Grupul Special de Protecţie şi Intervenţie (GSPI, ) is the police tactical unit of the Romanian General Directorate for Internal Security (DGPI) () part of the Ministry of Internal Affairs. The designated nickname of the unit is Acvila, which is Romanian for "Eagle".

History
GSPI was established in January 2003 to satisfy the European Union requirements regarding counter-terrorist operations and internal protection following the Moscow theater hostage crisis in October 2002 and reported to the Ministry of Interior and Administrative Reform.
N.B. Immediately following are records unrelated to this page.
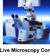
Live Microscopy Core

The CCTST Just-In-Time (JIT) grant mechanism enables investigators to use participating UC or CCHMC core facilities to obtain critical data for submission of a competitive extramural proposal, patent application or commercialization agreement.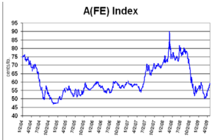
Figure 1. World Cotton Prices, 2004-9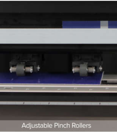
Adjustable Pinch Rollers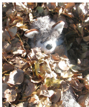
A wolf under the leaves... Un loup sous les feuilles

mois prochain. Demandez à un élève de 7 e pour en savoir plus!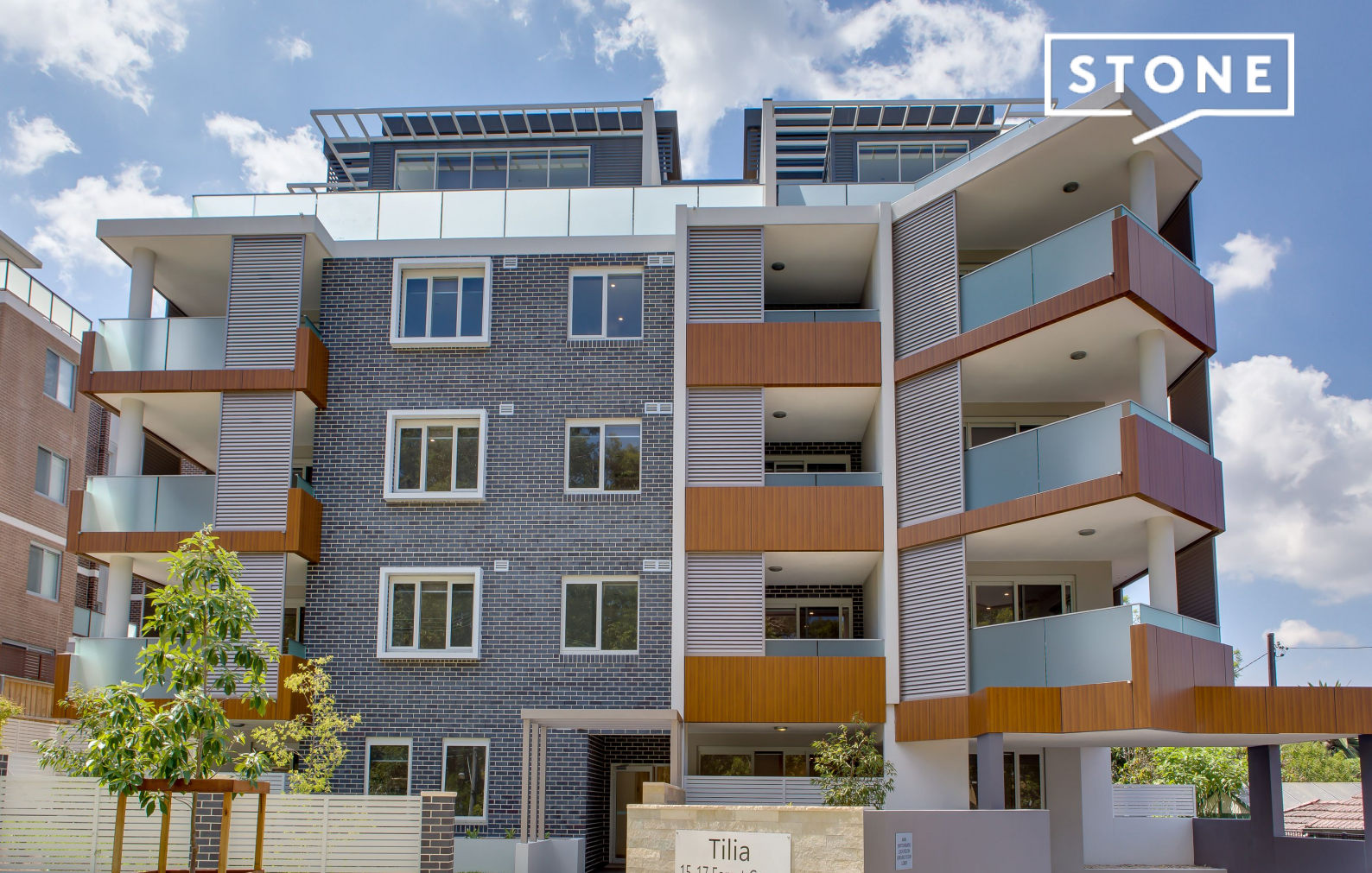
Tilia 15-17 Forest G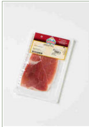
Serrano ham sliced 100 gr.

Weight unit: 0,100 Kg. Units per box: 20 Units Shelf life: 155 Days. EAN 13: 8424924007761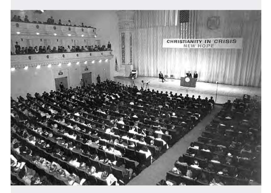
New York's Carnegie Hall on October 1, 1973, the first stop on a 21-city speaking tour of the United States that ended January 29, 1974.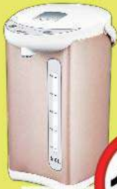
Faber Thermopot Fantasia 505 Size: 5 Litres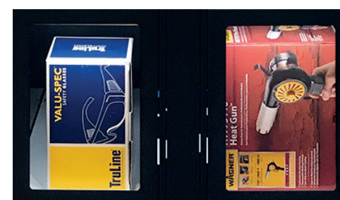
Bottom 2 Storage Compartments 13.25"w x 15.45"h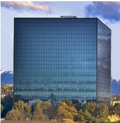
County of Los Angeles, Department of Public Works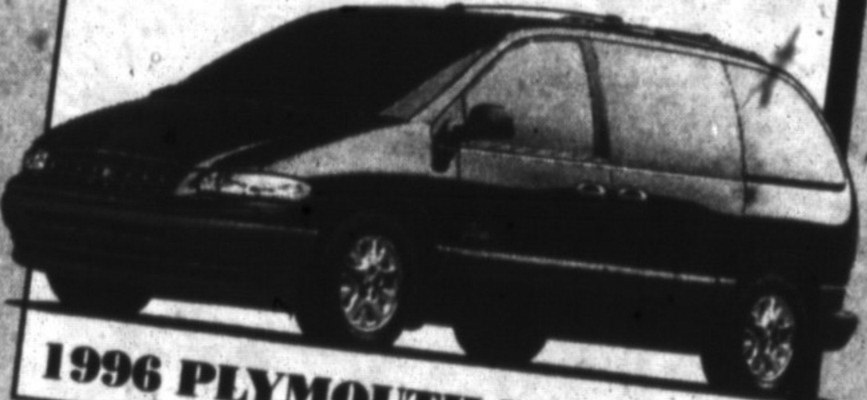
1996 PLYMOUTH VOYAGER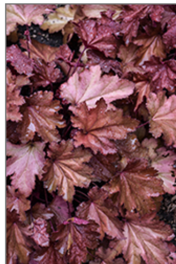
Magma Coral Bells foliage

Magma Coral Bells is recommended for the following landscape applications;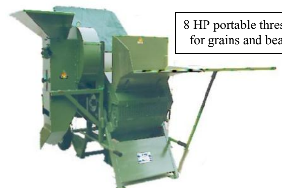
8 HP portable thresher for grains and beans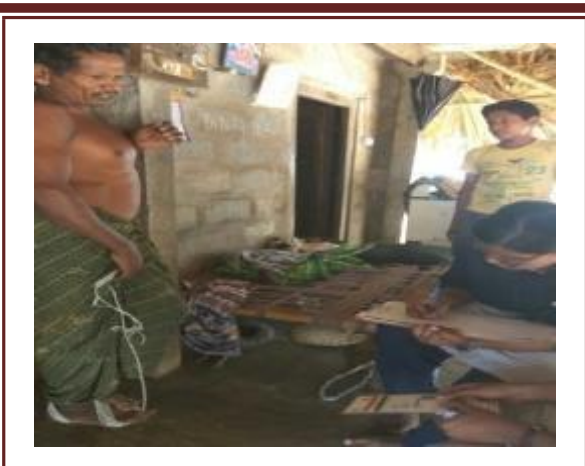
Collecting the details

Half of the village is covered by the end of this day.

Two Romanian police officers had conducted a study tour of EU countries police tactical units prior to the formation and significant assistance was provided from Germany's GSG 9 with the creation and development of GSPI. 

In 2007, GSPI joined the European Union ATLAS Network with other EU countries national police tactical units. In March 2009, GSPI was disbanded after a corruption scandal. 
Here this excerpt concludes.